(Records from a collection)
########################################

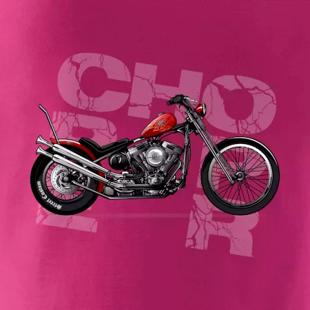 Tričko pre motorkárov, na ktorom je červená motorka chopper. Motocykel by mal mať na tričku každý správny motorkár. Moto tričko s motorkou je vhodný darček pre motorkárov.
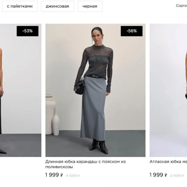 Идем дальше. С верхом с короткими рукавами все понятно — ищем лонгслив. Черный из плотного хлопка на сайте Maag — 2 599 рублей, Zara — 2 538 рублей. Присмотрим юбку. Черная макси из полиэстера: 39 долларов, или 3 822 рубля, — на сайте Zara, и 3 999 — в Maag. Та же история с мини-юбкой схожего фасона — разница в цене 0,6 %.
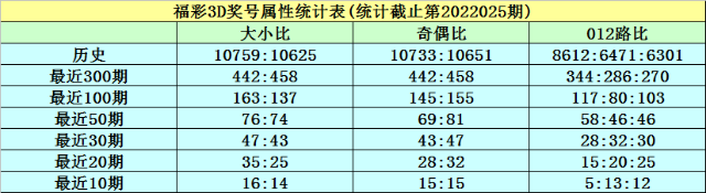 开奖回顾:福彩3D第2022025期奖号为579,其中奖号大小比为3:0,奇偶比为3:0,012路比为1:1:1,和值为21,跨度为4。
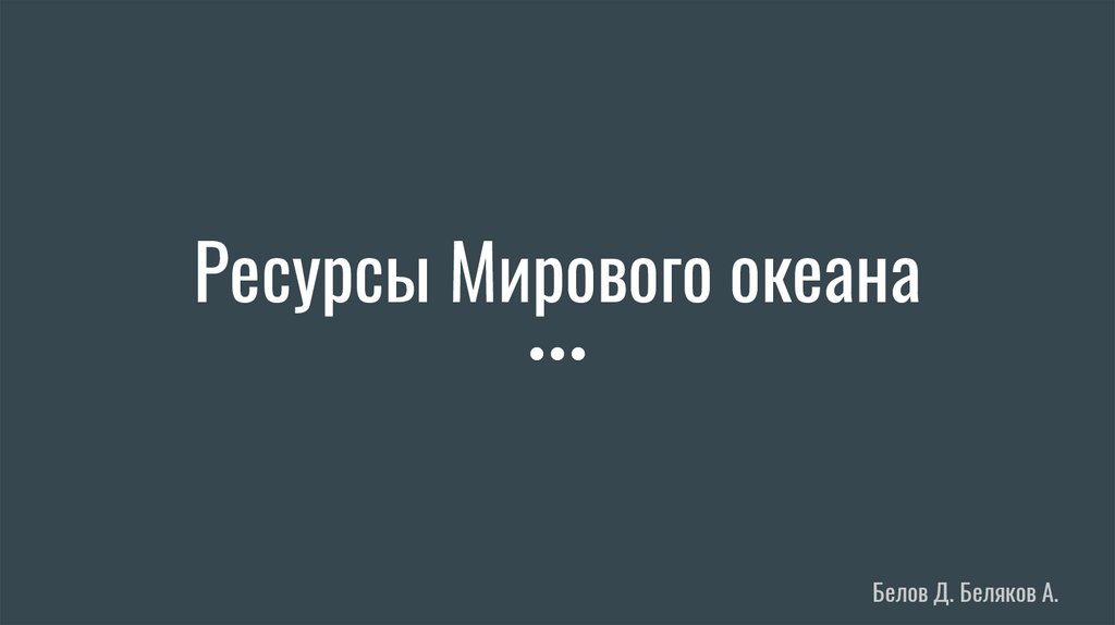 Ресурсы Мирового океанаБелов Д. Беляков А.
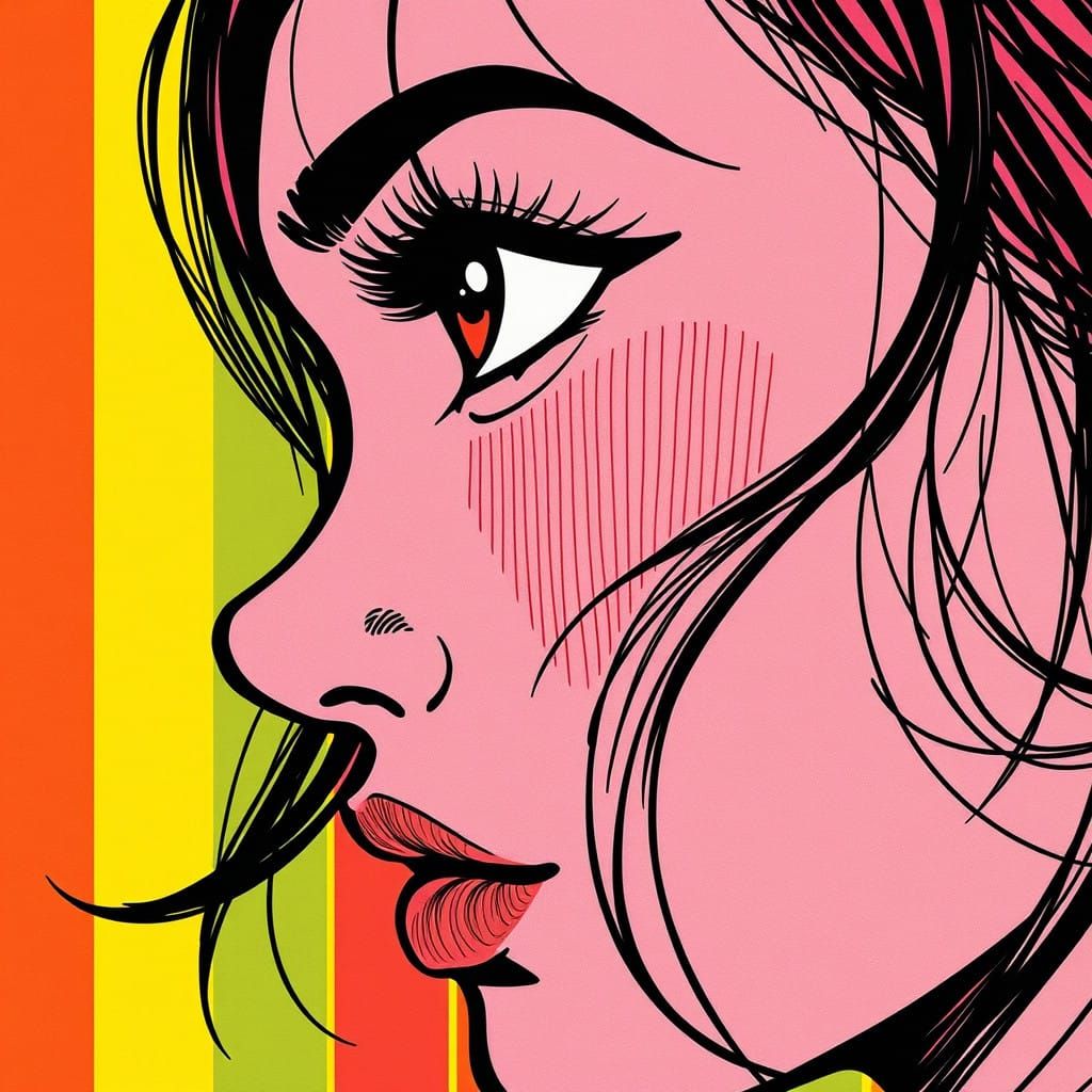 A striking anime-style portrait of a woman's face, created with bold black linework and vibrant, colorful stripes in a linoleum block print aesthetic, reminiscent of classic Japanese pop art and manga illustrations.
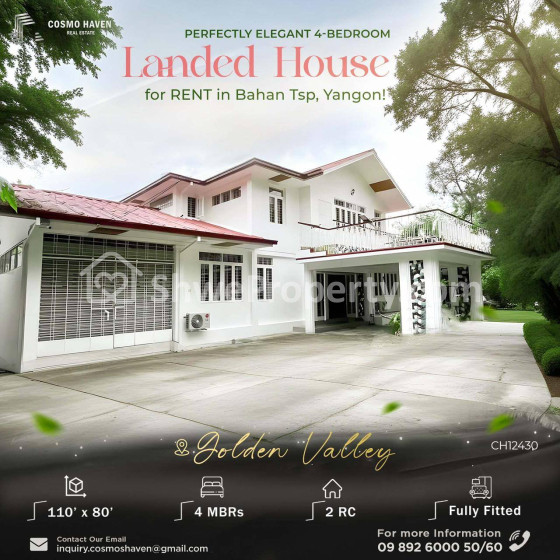 Landed House with spacious compound for Rent at Golden Valley, Bahan Tsp!
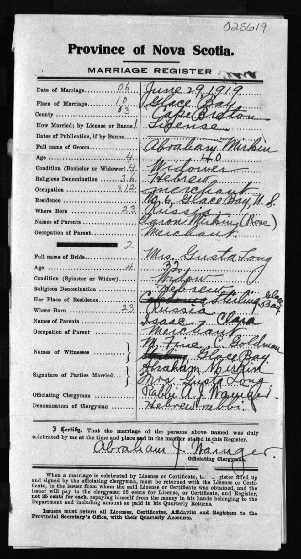 Registration: Year: 1919 number: 25619
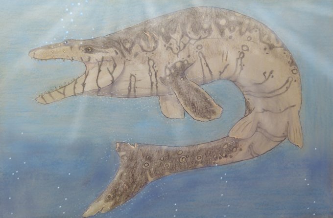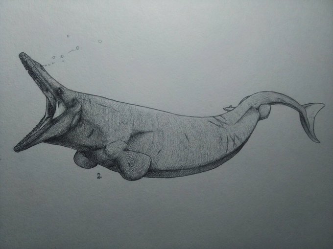 Here's my very late drawing for mosasaur week! I wanted to go for a orca like lizard look for my design #MosasaurWeek #MosasaurMarch #MosasaurMadness #paleoart

########################################

**WORK TO COMPLETE**.
Retype all the data exactly. Omit pictures.

**WRITTEN ANSWER**.
 Tričko pre motorkárov, na ktorom je červená motorka chopper. Motocykel by mal mať na tričku každý správny motorkár. Moto tričko s motorkou je vhodný darček pre motorkárov.
 Идем дальше. С верхом с короткими рукавами все понятно — ищем лонгслив. Черный из плотного хлопка на сайте Maag — 2 599 рублей, Zara — 2 538 рублей. Присмотрим юбку. Черная макси из полиэстера: 39 долларов, или 3 822 рубля, — на сайте Zara, и 3 999 — в Maag. Та же история с мини-юбкой схожего фасона — разница в цене 0,6 %.
 开奖回顾:福彩3D第2022025期奖号为579,其中奖号大小比为3:0,奇偶比为3:0,012路比为1:1:1,和值为21,跨度为4。
 Ресурсы Мирового океанаБелов Д. Беляков А.
 A striking anime-style portrait of a woman's face, created with bold black linework and vibrant, colorful stripes in a linoleum block print aesthetic, reminiscent of classic Japanese pop art and manga illustrations.
 Landed House with spacious compound for Rent at Golden Valley, Bahan Tsp!
 Registration: Year: 1919 number: 25619
 Here's my very late drawing for mosasaur week! I wanted to go for a orca like lizard look for my design #MosasaurWeek #MosasaurMarch #MosasaurMadness #paleoart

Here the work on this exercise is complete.